A mean of 104,115 reads per sample were obtained with a MiSeq (Illumina) after sequencing the V3-V4 region of the 16S rRNA gene from rectal contents of 288 pigs. A total of 1,261 OTUs which were grouped in 18 phyla and 101 genera were found in the 285 samples that fulfilled the quality criteria. At phylum level, Firmicutes (45.36%) and Bacteroidetes (37.47%) were the more abundant (Fig. 1 and Supplementary Table S2). In accordance with the literature36,37, Firmicutes and Bacteroidetes are usually the most dominant phyla found in colon and faeces of pigs.
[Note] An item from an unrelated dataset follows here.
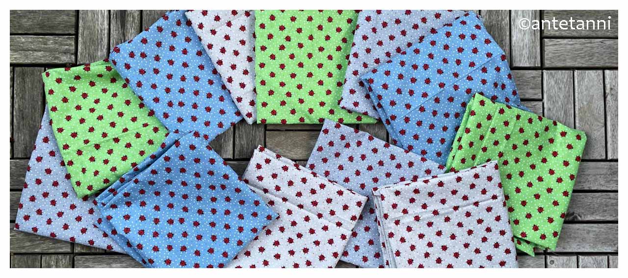 Heute habe ich aus Baumwollwebware mit Glückskäfern 12 Kissenbezüge im Format 40 x 40 cm und mit Hotelverschluss genäht. So lassen sich die Bezüge leicht abnehmen und ebenso leicht wieder aufziehen.

The most abundant genera, not marked as unspecified, were Prevotella (7.03%) and Treponema (6.29%) (Supplementary Table S3). Accordingly, Prevotella spp. are frequently found as one of the most abundant genus in the lower intestine and faeces36,37. However, comparisons between different studies should be made with caution, since differences in microbiota composition are conditional on the different sets of primers used in the analysis, breeds (host genetic background), age of the animals at sampling time, and environmental factors such as dietary composition14,38.

Figure 1
figure 1

Stacked area plot of OTUs grouped by phyla for the 285 pig rectal samples.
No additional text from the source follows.